За окном кафе шёл снег — первый в этом году. Крупные, медленные хлопья оседали на асфальт и тут же таяли. Катя смотрела на них и думала о том, как иногда нужно потерять всё, чтобы обрести себя.

А в старой квартире, где пахло перегаром и немытой посудой, Денис сидел на диване перед телевизором. Очередная банка пива стояла на полу среди десятка пустых. По экрану бежали футболисты, но он их не видел. Смотрел куда-то в пустоту — туда, где когда-то был его дом. Настоящий дом, с женой, с теплом, с запахом свежего кофе по утрам.

Виола Васильевна уехала через три дня после того, как въехала. Не выдержала — её сын превратился в чужого, злого человека, который пил и обвинял всех вокруг. "Ты во всём виновата, мама! Ты меня настроила против Кати!" — кричал он. И она сбежала, испуганная, растерянная.

Он потерял работу месяц назад. Начальник устал от опозданий и перегара. Друзья отвернулись — никому не нужен был нытик, который вечно жаловался на предательство жены.

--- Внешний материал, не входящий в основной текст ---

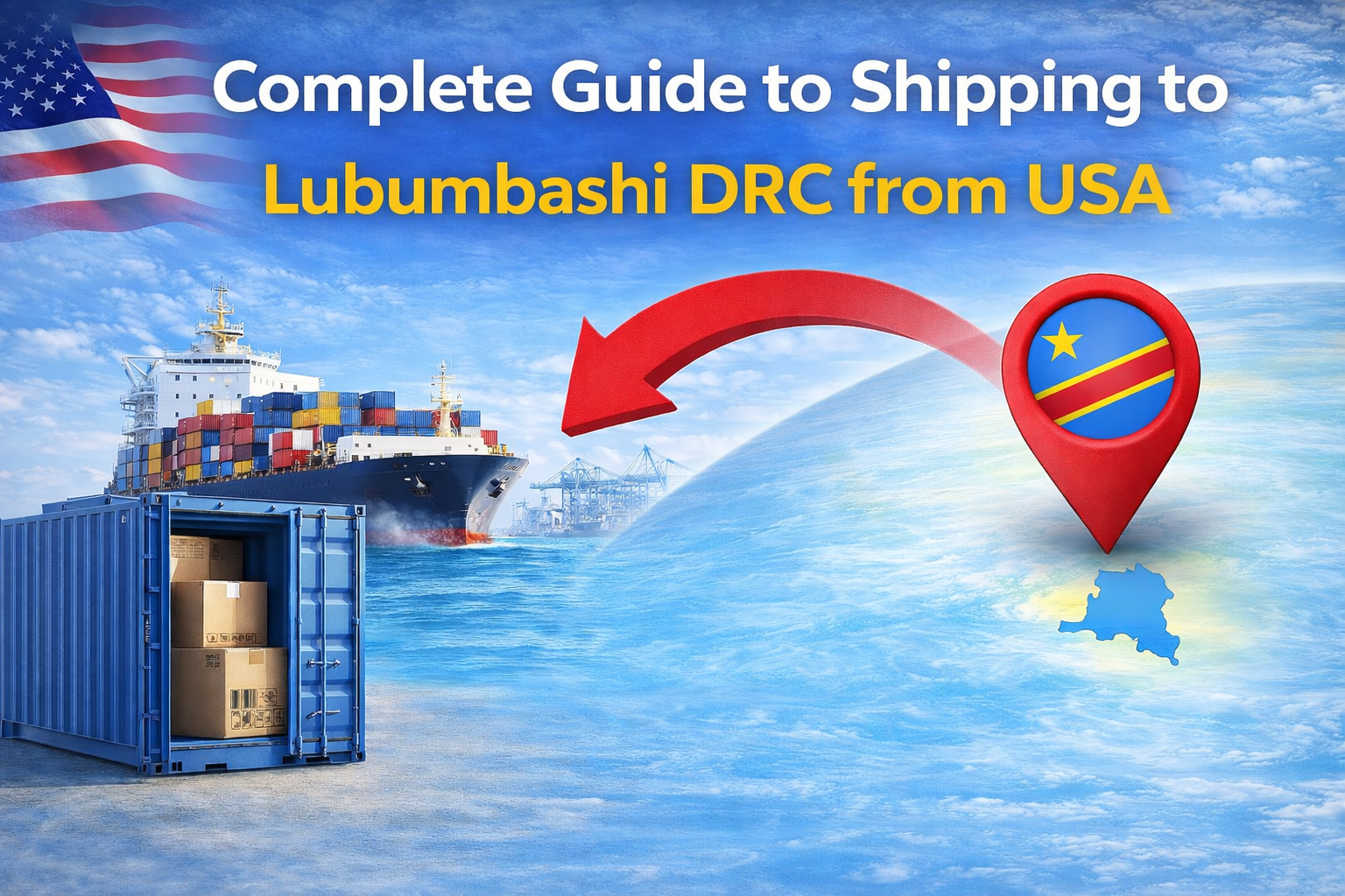 Comprehensive guide to ocean freight shipping from the USA to Lubumbashi, DRC — transit times, container options, documentation, and practical tips from AmeZam.

Денис допил пиво, смял банку и швырнул в угол. Там уже росла целая гора мусора. Убираться было лень. Да и зачем? Кому он теперь нужен такой?

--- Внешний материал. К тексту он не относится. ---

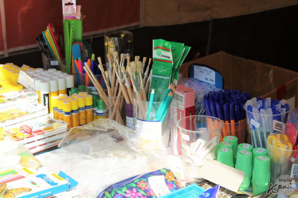 – Мы уже на 100 рублей наторговали, – радостно делится продавец палатки Вилейского райпо. – Разбирали у нас хорошо тетради, пеналы, акварель. А обувь не берут. Говорят, уже купили.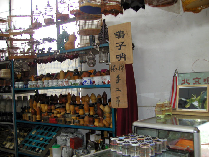 むこうの棚におびただしい、こおろぎ飼育壷?が。どうも看板に「手工品」と書いてあるようだが、どなたか中国語の達者な方SOS。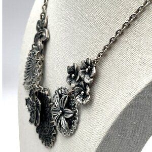 This vintage-inspired silver floral statement necklace captures the essence of romantic botanical design with its antique finish. The adjustable chain ensures a comfortable fit, making it a timeless piece for any jewelry collection.

Он достал телефон — последняя попытка. Написал Кате. Долго подбирал слова, стирал, писал заново.

Отправил.

Ответа не было. Не было и на следующий день. И через неделю.

Он понял — не будет. Никогда.

А в маленькой, но уютной квартире тёти Гали Катя и Лика пекли печенье. Включили музыку, смеялись над неудачными формами теста, спорили, сколько сахара добавлять.

— Знаешь, — сказала Лика, слизывая тесто с пальца, — я так давно не чувствовала себя... живой. Настоящей.

Катя замерла. Потом рассмеялась — искренне, от души:

— Ну вот, опять это слово! Тётя Галя, скажи ей, что это слово под запретом!

— Какое слово? — не поняла Лика.

— Неважно, — Катя обняла сестру. — Главное, что ты действительно живая. И я тоже. Мы обе.

Из комнаты донёсся голос тёти Гали:

— Девочки! Чайник закипел! Несите своё печенье, пробовать будем!

Они понесли противень, всё ещё хихикая. За окном падал снег, в квартире пахло корицей и ванилью, и жизнь — их новая, настоящая жизнь — только начиналась.

А где-то в грязной, холодной квартире в одиночестве сидел человек, который когда-то имел всё, но растерял это собственными руками. Он открыл холодильник — там стояли три банки пива и пакет с прокисшим молоком.

Денис взял банку, открыл. Сделал глоток.

И это был единственный выбор, который у него остался.